Death is an issue we believe we have the privilege to postpone thinking about. As luck would have it, it is also one of the rarest topics we cannot make a conditional sentence about. What a grave dilemma! For example, none of us could say “if I die”. No human being reading this article will be here a hundred years later. Simply put, we die because we were born, however.


My privileged situation which I had created in my mind and which was not true at all disappeared. I was taken away the comfort to use such repeated toxic expressions like “somehow we will all die, why bother now?”. In fact, this was the awareness that death is always with us and it did not go away as fast as the other deaths in the family. It has reminded its existence and kept on being with me in such a way not to give me a chance to forget.

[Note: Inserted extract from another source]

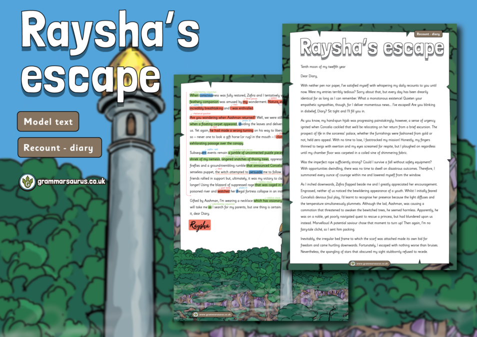 This model text is a diary entry written in the role of a fairy tale character. It details her escape from a tower prison. It has been written to meet the Year 5 expected standard and comes with a handy annotated version detailing the text-type specific features (red), grammar (green), punctuation (purple) and spelling (blue) teaching opportunities should you wish to use this text with your learners.

I had a guest whom I did not know how long would stay and with whom I did not know what to do. I did not have a manual, or I did not know how to host it. What’s worse, this guest had taken away my ability to go on life like I used to.


In the initial stages of the treatment, we spent the night at a floor where children diagnosed with cancer and their attendants stayed due to the necessity of maximum one drop of a drug mixing with blood. Attendants consisted of mothers and when our admission to the floor was completed, every mother there approached me and said “May God save (you)” patting me on the back. That was it. Perhaps it was the only thing to say when there was nothing to talk about and words converted into prayers. They had spent so much time in this process that this plain acceptance/prayer emerged as a result of the sadness created by the probability of not being able to see their children again combined with remembering the existence of death every day uniting with life. Not “Get well soon”, but “May God save (you)”.


During the illness, death gradually was not only a piece of information for me. Doctor visits, drugs, cures, hospitals…Death was none of them. It was being gone from the world. Where I am gone from here, my reincarnation belief, and the concept of life in other forms after death primarily did not matter much. With my experiences, I had now an idea of something’s being gone and not being here anymore. The reality death wanted me to understand was this. Seeing the place and naturality of death in lifecycle without adding other meanings to it. Ending of life in this world and me remaining with all the reflections of it.


My son’s brain shrinkage is called atrophy in medicine. It is defined as the reduction in size of a normal-scaled organ afterwards. However, when its origin is considered, it means a waste or wasting away through lack of nourishment. When I used the word metaphorically and applied it to my life, I always thought of the following question: “Waste of what or what was wasted?”.


Waste of life.


When life is not wasted and when it is attributed meaning, death acquires meaning.


Here it is. When I feel this connection, experience it a little and live with it, a lively bond emerges between all my activities, thoughts, feelings and the world; not like a book that I finish reading and put away. I can see how meticiously I weave this bond, how everything related to me and the world interacts with each other and how lively I keep all of these. This area is a magical one in which even the ordinary things I do have a meaning. In this magical area, nothing I live loses its meaning, difficult experiences still compel me, but I move into a witnessing state elegantly and curiously. Without forcing me to choose one, my sadness and joy and my rebellion and acceptance could coexist.


Life is so big that it is more than all of us. It is not restricted by my personal life. What is restricted is perhaps my understanding. I do not view death as the opposite of life. On the contrary, death makes room for life. Death exists for the continuity of life. How I live my life influences how I experience death. If there is atrophy in my life, it is impossible for me to accept death. Apart from this, intense sorrow (sometimes its rebellion) of not being able to see my children again coexists with my admiration for the greatness of life and the acceptance of the service to its continuity by my dying.


I see that life is not something related to me, but I am something related to it. So is death.